L.A. Superintendent Proposes Shortening School Year
The head of the Los Angeles Unified School District proposed shortening the school year by six days in an effort to minimize layoffs as part of a looming budget deficit.
The move would save the nation's second-largest school system a projected $90 million and an estimated 5,000 jobs, Superintendent Ramon Cortines said Friday in a news release.
The state budget for the 2009-2010 fiscal year allowed districts to reduce the school year by five days. The proposed sixth day would be a student-free workday.
Cortines conceded the move would be drastic but said the alternative could be bankruptcy for the district.
"Do I think (this) is good education policy? No," he said. "But we are in a real crisis."

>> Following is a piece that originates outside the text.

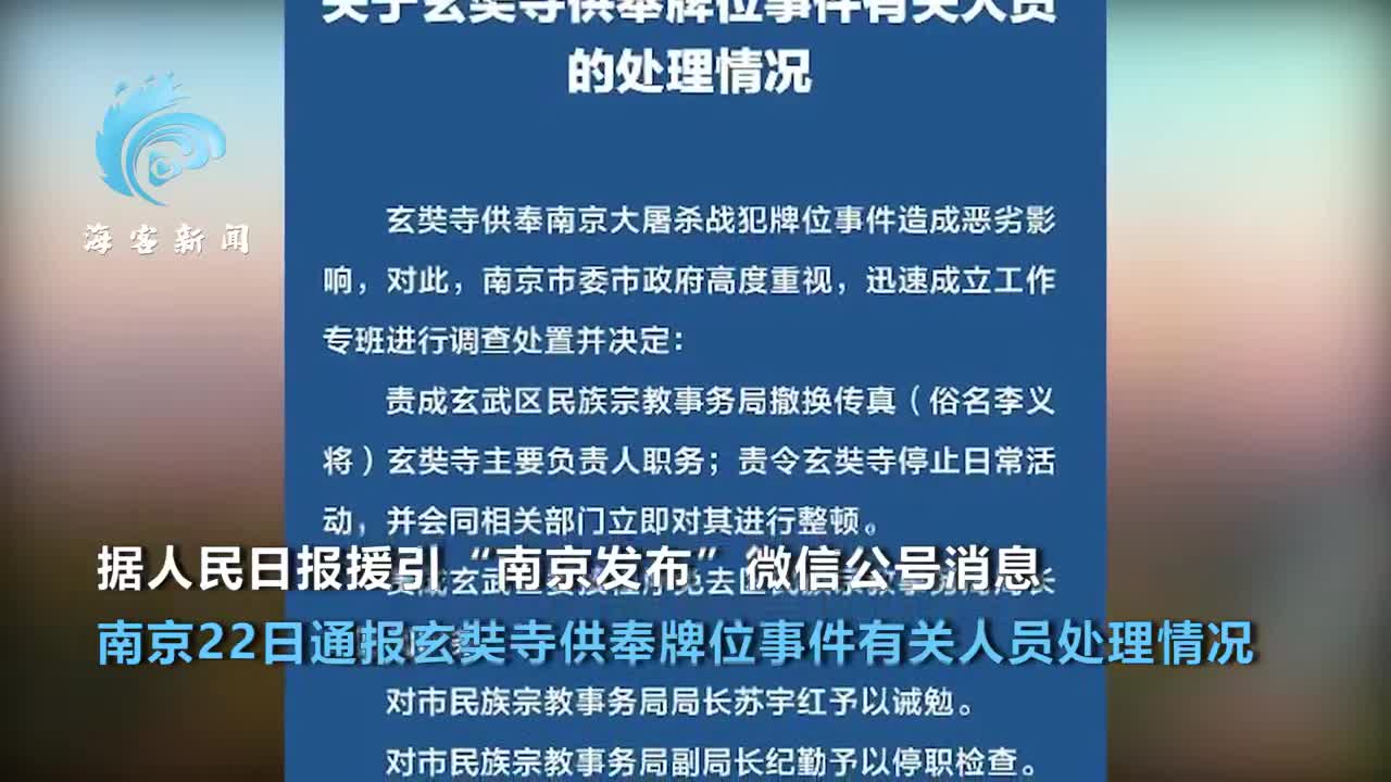 南京通报玄奘寺供奉牌位事件处理情况:主要负责人被撤换

The district is facing a projected $640 million deficit for the 2010-2011 school year.
Cortines had repeatedly said that he did not want to shorten the school year. This is the first time in recent history that a Los Angeles school superintendent has made such a suggestion.
Leaders of United Teachers Los Angeles would have to agree to the move. Nonunion employees, including senior district staff, have been ordered to take four furlough days by May, and Cortines criticized groups that have not been willing to make concessions.
In December, Cortines said other budget cuts for the next school year could come from slashing arts programs by 50 percent, downsizing the eight district administrative offices to four, making administrative employees pay for parking, consolidating schools with fewer than 400 students, increasing K-3 classes from 24 pupils per teacher to 29, and delaying adoption of new textbooks by a year.
The proposed cuts for the 2010-11 school year come on the heels of 2,000 layoffs this academic year due to shrinking state revenue.